Fig. 8 is a cross section opinion of the turbine blade 22 along the line 3-3. In the remark example the channels become 100 by means of STEM boring (Shaped tube Electrochemical Machining) ausgebildet.

The execution forms of a turbine blade described above represent a cost effective and reliable exchange for shovels of the stage 2 used at present. The shovels described above maintain the original conditions and similar repair strategies as the shovels, which are replaced, while the Turbinenleistung and the border service life of the shovel maintain and/or improves werden.

Remark examples of a shovel of a turbine and a turbine motor were described in detail above. The air-cooled shovel and the turbine motor are not limited to the concrete execution forms described in the available text. Rather components can independently and separately of other components described in the available text used werden.

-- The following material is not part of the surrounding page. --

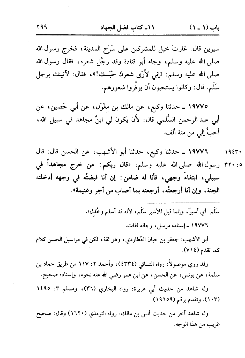 19776- حَدَّثَنَا وَكِيعٌ ، حَدَّثَنَا أَبُو الأَشْهَبِ ، عَنِ الْحَسَنِ ، قَالَ : قَالَ رَسُولُ اللهِ صَلَّى الله عَلَيْهِ وَسَلَّمَ : قَالَ رَبُّكُمْ : مَنْ خَرَجَ مُجَاهِدًا فِي سَبِيلِي ابْتِغَاءَ وَجْهِي فَأَنَا لَهُ ضَامِنٌ ، إِنْ أَنَا قَبَضْته فِي وَجْهِهِ أَدْخَلْته الْجَنَّةَ , وَإِنْ أَنَا أَرْجَعْته أَرْجَعْته بِمَا أَصَابَ مِنْ أَجْرٍ وَغَنِيمَةٍ. (5/319).

This written description uses examples, in order to reveal the invention, including the best kind of their execution, and in addition, to practice in order to make it for each specialist possible, the invention including manufacturing and using devices or systems and implementing the associated Verfahren.

The patentable area of application of the invention is defined by the requirements and can contain further examples, which occur to the specialist. It is intended that such other examples fall into the area of application of the requirements, if they exhibit structural components, which do not differ from the wording of the requirements, or if they contain equivalent structural components, which differ only insignificantly from the wording of the requirements.